INFORMATION SUPPLIED:
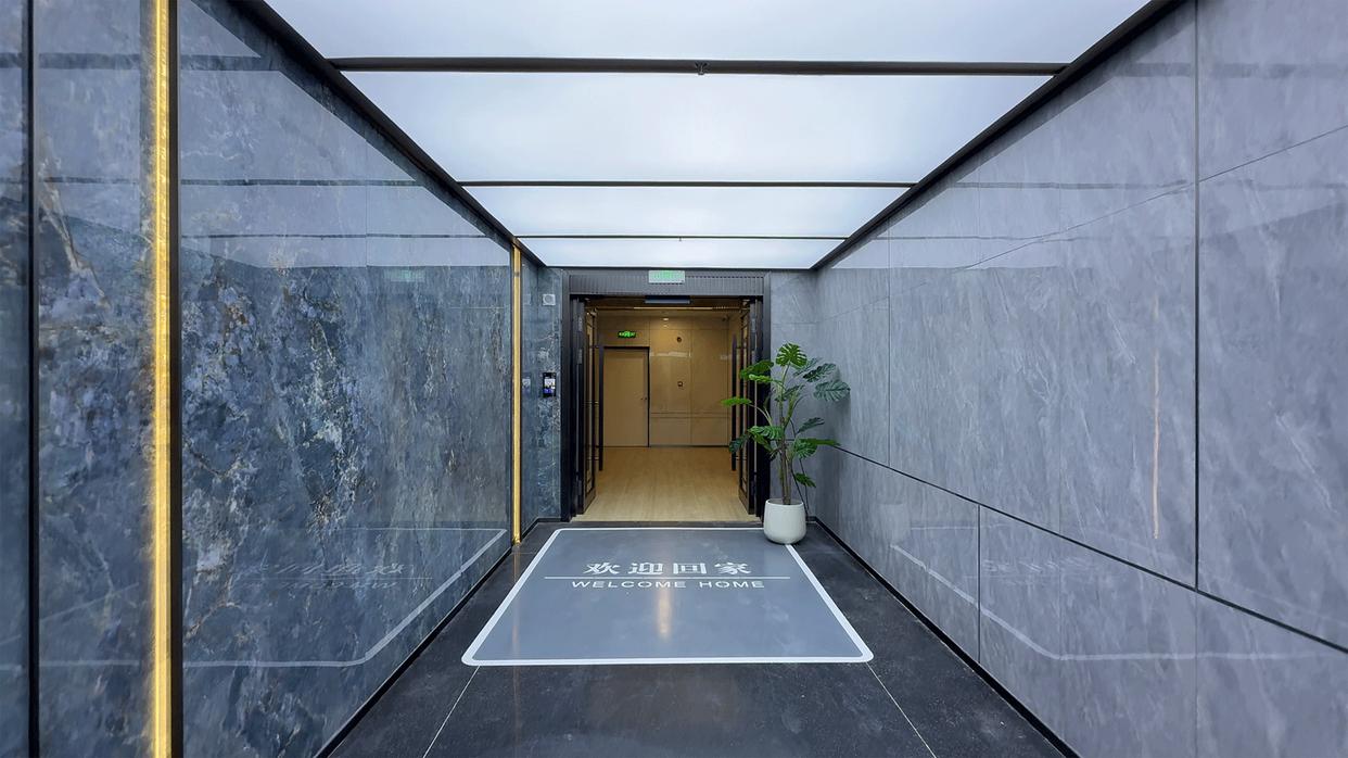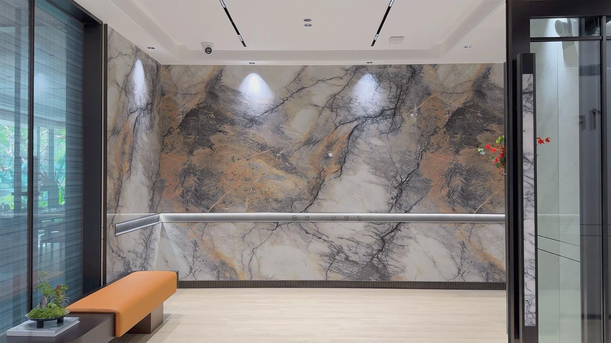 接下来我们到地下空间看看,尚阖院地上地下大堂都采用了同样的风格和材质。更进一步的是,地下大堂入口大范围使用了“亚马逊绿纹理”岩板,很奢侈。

==

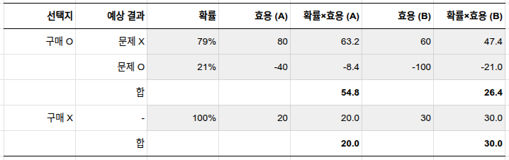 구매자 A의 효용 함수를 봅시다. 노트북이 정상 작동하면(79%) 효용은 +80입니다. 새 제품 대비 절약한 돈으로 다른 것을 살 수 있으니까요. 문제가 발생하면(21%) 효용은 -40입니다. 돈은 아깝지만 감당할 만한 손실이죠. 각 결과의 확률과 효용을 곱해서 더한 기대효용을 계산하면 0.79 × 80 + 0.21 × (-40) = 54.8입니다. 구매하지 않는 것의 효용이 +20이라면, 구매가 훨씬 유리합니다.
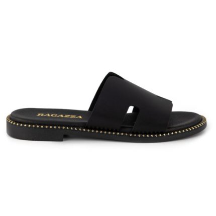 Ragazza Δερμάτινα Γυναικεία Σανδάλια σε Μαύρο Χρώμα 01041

WHAT TO WORK ON:
Copy exactly the part of the material above that opens with the line containing "구매자 A의 효용 함수를" and closes with the line containing "Ragazza Δερμάτινα Γυναικεία", ends included. Drop the images.

EXPECTED ANSWER:
 구매자 A의 효용 함수를 봅시다. 노트북이 정상 작동하면(79%) 효용은 +80입니다. 새 제품 대비 절약한 돈으로 다른 것을 살 수 있으니까요. 문제가 발생하면(21%) 효용은 -40입니다. 돈은 아깝지만 감당할 만한 손실이죠. 각 결과의 확률과 효용을 곱해서 더한 기대효용을 계산하면 0.79 × 80 + 0.21 × (-40) = 54.8입니다. 구매하지 않는 것의 효용이 +20이라면, 구매가 훨씬 유리합니다.
 Ragazza Δερμάτινα Γυναικεία Σανδάλια σε Μαύρο Χρώμα 01041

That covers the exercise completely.